Стихотворения А. Коптева. Санкт-Петербург. В типографии К. Вингебера. 1834. 127. VIII. VI. (12).
С эпиграфом:
Чувствительность есть дар, поэзия, искусство,
Природа сердце мне, судьба дала перо.2
Вы не поверите, как обрадовали меня "Стихотворения" г. А. Коптева, в какое восхищение привели они меня! Они напомнили мне то невинное, золотое время детства, когда, еще будучи мальчиком и учеником уездного училища, я в огромные кипы тетрадей неутомимо, денно и нощно, и без всякого разбору, списывал стихотворения Карамзина, Дмитриева, Сумарокова, Державина, Хераскова, Петрова, Станевича, Богдановича, Максима Невзорова, Крылова и других, когда и плакал, читая "Бедную Лизу" и "Марьину рощу", и вменял себе в священнейшую обязанность бродить по полям при томном свете луны, с понурым лицом à la Эраст Чертополохов. Воспоминания детства так обольстительны, к тому же природа дала мне самое чувствительное сердце и сделала меня поэтом, ибо, еще будучи учеником уездного училища, я писал баллады и думал, что они не хуже баллад Жуковского, не хуже "Раисы" Карамзина, от которой я тогда сходил с ума. Теперь вам, верно, нимало не покажется удивительным, что стихотворения г. А. Коптева привели меня в чрезвычайное восхищение и даже исторгнули из глаз моих несколько слезинок чувствительности. Чтобы еще лучше объяснить вам, почему стихотворения г. А. Коптева произвели на меня такое сильное действие, скажу вам, что я, будучи учеником уездного училища, сам писал стихи точно в таком же роде и с таким же успехом, в этом роде, чисто классическом и совершенно чувствительном; с романтическим я познакомился уже тогда, как во мне совсем прошло стихотворное неистовство.
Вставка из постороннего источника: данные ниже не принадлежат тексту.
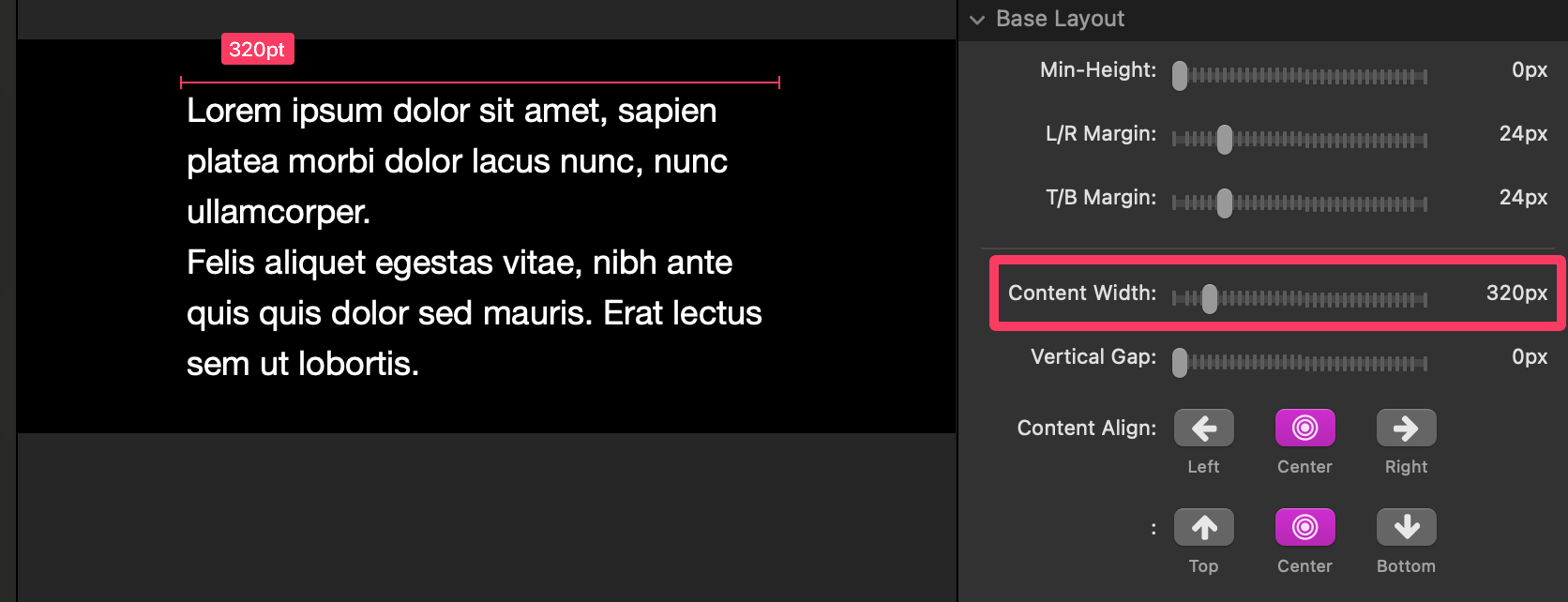 - If Center isn’t doing anything horizontally, check: Is Content Width actually smaller than the container?

Стихотворения г. А. Коптева очень живо и верно напоминают собою ту эпоху нашей литературы, когда умолкли громкие и торжественные звуки песен Державина, когда Карамзин с Дмитриевым (И. И.) дали совершенно новое направление нашей словесности и когда появились тысячи унылых и слезливых певцов. Они отличаются чувствительностию, нежностью, пастушескою простотою и пиитическими вольностями, наполнены похвалами тихой, убогой жизни под соломенною кровлею, на берегу чистого ручья, подле ветвистой рощицы, где пастух мирно пасет стадо барашков, воспевает на свирели счастие дней своих и свою дорогую пастушку, свою милую Хлою. Но что мои прозаические похвалы перед поэзиею г. А. Коптева? Они
Как пред солнцем блеск свечи!
Сами факты всего лучше говорят за себя, и потому осмеливаюсь взять из книги г. А. Коптева несколько драгоценных перлов его поэзии и ослепить ими взоры удивленных читателей. Я буду выписывать самое лучшее, не заботясь о целости пьес.
Грусть.
Веселье свет душе, а скука--темнота.
Херасков.
Слезы, ах льются,
Сердце трепещет
Бедно мое.
Нет здесь любезных,
Я воздыхаю --
Милых здесь нет.
Где все сокрылись,
В грусти оставя --
В г о ре меня?
В мрачной могиле,
Где обитает
Вечный покой,
Там безмятежно,
Крепко почиют
С миром они
Лейтесь же, слезы,
Нет коль любезных --
Милых коль нет!
.................................
Дикие враны!
Горесть вещайте
Криком своим.
Вязы ветвисты,
Сосны высоки,
Войте со мной.
Горы кремнисты!
Искры посыпьте
С треском везде.
Эхо! -- мой вторя
Трепет сердечной,
Ужас сугубь -- -- и пр.
----
Вот здесь я у прудочка
Об друге помышлял;
А тут возле лужочка
Лететь к нему желал.
Ах, я вздохнул, садочек!
Об чем? -- ты хочешь знать,--
Послушай, мой дружочек,
Что буду здесь вещать:
Конечно, я завяну,
Поблекну как и ты,
Но также я восстану,
Весною как цветы.
Надеждою питаюсь
Бессмертным быть и я;
Сей мыслью утешаюсь
Зимой, весной, всегда.
----
Пруды, сады, чертоги
Во вкусе я имел:
Цари! -- земные боги!
Подобну жизнь я вел.
В садах рога гремели,
Друзей тем забавлял,
Цыганки песни пели,
А я под такт плясал, и пр.
----
К М. М. Хераскову.
Царь Кадм, Чесменский бой, Владимир, Россияда,
Вот дивный обелиск -- вот славный монумент!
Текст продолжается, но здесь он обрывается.